Subscribe Bookmark



May 27, 2014

Overwhelmed by too many variables in predictive modeling?

In regression problems, we are often faced with choosing a set of predictor variables from what may be a very large set of candidate predictors. When building our model, we want to find a meaningful set of predictors that yields accurate predictions. Classical methods like forward selection and all-subsets regression do not always satisfy this goal.

Least Angle Regression (LARS) and penalized regression methods like the Least Absolute Shrinkage and Selection Operator (LASSO) and Elastic Net are newer, more promising approaches to variable selection. The R packages “lars” and “elasticnet” provide tools for fitting several of these newer techniques. The documentation included with the packages is a good starting point for learning more about the methods themselves. Using the new R integration functionality in JMP 9 to call these packages, we can present the results and build graphs in JMP. Check out the Penalized Regression Add-in (free SAS login required for access and download), which does just that.

When you install the Penalized Regression Add-in, you get three different tools for fitting these models.
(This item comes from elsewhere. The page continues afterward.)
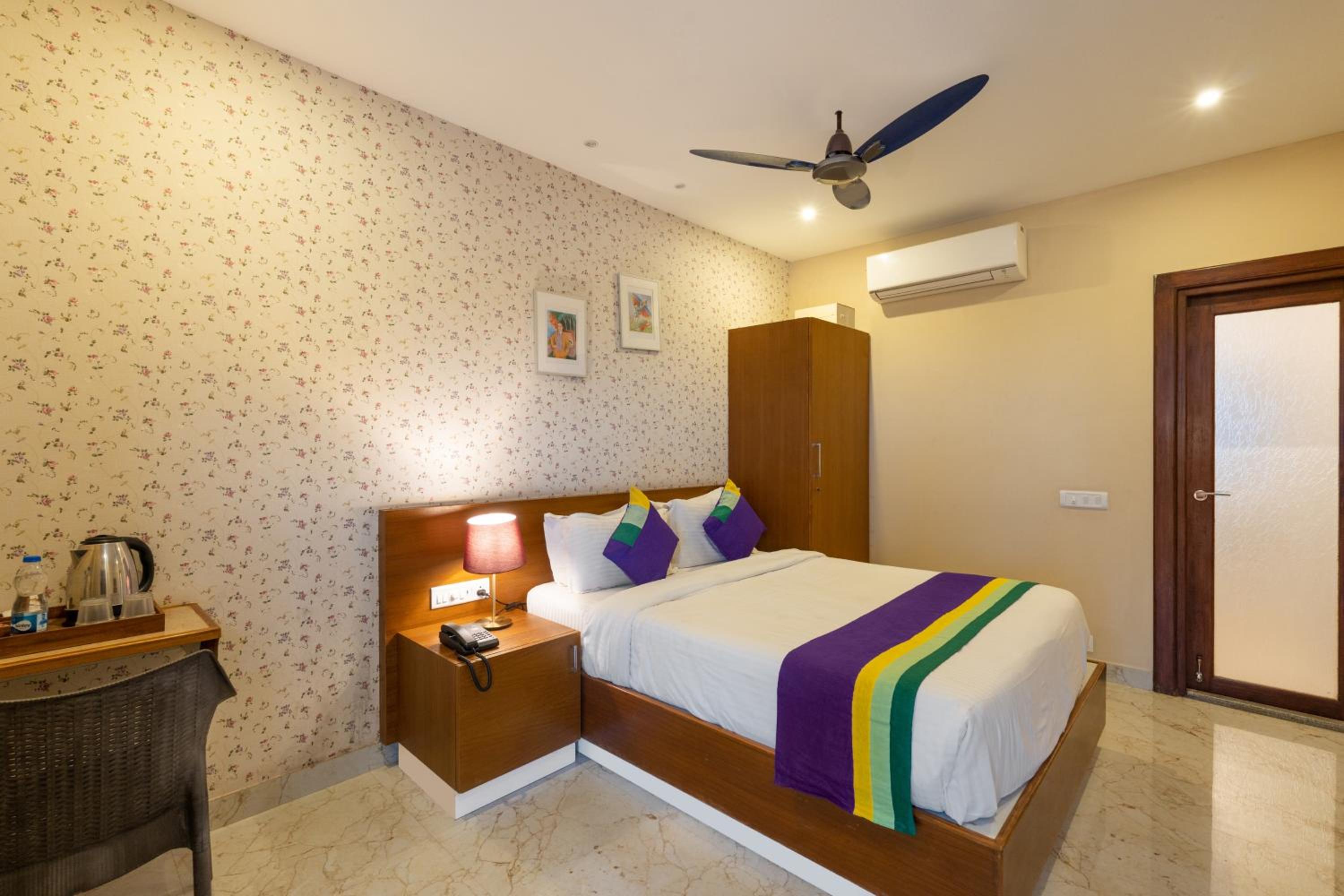 Simple but clean and pleasant guest house. During mid-week in February, the guest house was quite empty of guests, and therefore quiet. It is isolated, but the staff at the front desk quickly found me a motor scooter rental. So ALL places I wished to visit were within a several minute scooter trip. There is no restaurant here, but a lovely Indian-style breakfast was served to my room each morning on a tray. Very satisfying.

They appear under the “R Add-ins” heading. The “LASSO with cross-validation” uses cross-validation to choose the LASSO tuning parameter and allows you to see how parameter estimates change as you adjust the tuning parameter. The “Penalized Regression Method Comparison” tool lets us compare the LASSO, LARS and Forward Stagewise solutions. The results of these three methods are sometimes nearly identical. Last but not least, the “Elastic Net with cross-validation” plots the Elastic Net solution and uses cross-validation to choose the best combination of tuning parameters. The Elastic Net is tricky because it has two tuning parameters, but I found that the ability to watch the solution change as a function of the tuning parameters to be very helpful.

Now, let’s look at an example of using the LASSO with cross-validation. Using the diabetes data set that is included with the “lars” package, we get the results in the screenshot below. With these data we are trying to model the progression of diabetes using age, gender, body mass index, blood pressure, and several blood serum measurements.

The graph looks a little strange, but it contains a lot of information. It shows us how the parameter estimates change as a function of the tuning parameter. As we move the slider to increase the tuning parameter, the parameter estimate report on the right updates so that we can see when each variable enters the model.

Body mass index is the first variable to enter the model. We also find that age is the last variable to enter, which suggests that age may not play an important role in the progression of diabetes. The add-in allows us to look at the cross-validation results, which may help us choose the tuning parameter. Once we are happy with the tuning parameter, we can save the predicted values to our data table.

Community Member

Benjamin wrote:


Thanks for creating this. I've installed R and the required packages (lars and elasticnet), and verified that R recognizes the lars command. I also see your add-in in JMP 9.0.0 and the appropriate dialog comes up. However, after selecting data and running, nothing happens - the dialog just closes, and I verified that the CPU isn't up to anything. I've tried with and without R already open and after restarting JMP. Any suggsetions?



Community Member

Clay Barker wrote:

Hi Gabriel, this is a very good question. In general, we can't really say which technique will perform better for a particular data set. So it is probably worthwhile to try both techniques and compare the results. One potential advantage to using something like LARS or the LASSO to build your prediction model is that the resulting linear model is often easier to interpret.

Community Member

Gabriel Andraos wrote:

Dear Clay. Thanks for this clear presentation. How are these techniques better than using the partition platform in JMP 9.0 for the purpose of selecting the most predictive variables?


Community Member

Anders wrote:

I have the same problem as Benjamin. Almost threw my computer out the window. This add-in does not work for me. To make matters worse, there's no bloody documentation on how to get this add-in to work! Very frustrated because I have to do a logistic regression and have a huge number of variables and want to avoid Stepwise.

Clay Barker wrote:

Benjamin and Anders: Iâ m sorry you are having troubles. Unfortunately, the problem will be difficult to pinpoint. Because the add-in calls R, the problem could be with the R install, the R packages that are being called, or the add-in. Here are a few suggestions that may help you:

1. Make sure that there aren't missing values in your data set. Since the add-in isn't meant to be a fully functioning platform, I wasn't able to support missing values. So impute any missing values before calling the add-in.

2. For the same reasons as #1, the add-in ignores row-states (like excluded rows).

3. The add-in is only designed to do least squares. If you are interested in taking a similar approach to logistic regression, a similar interface to R could be built to call the glmnet package for fitting penalized generalized linear models.

Are there any other JMP users out there who have suggestions?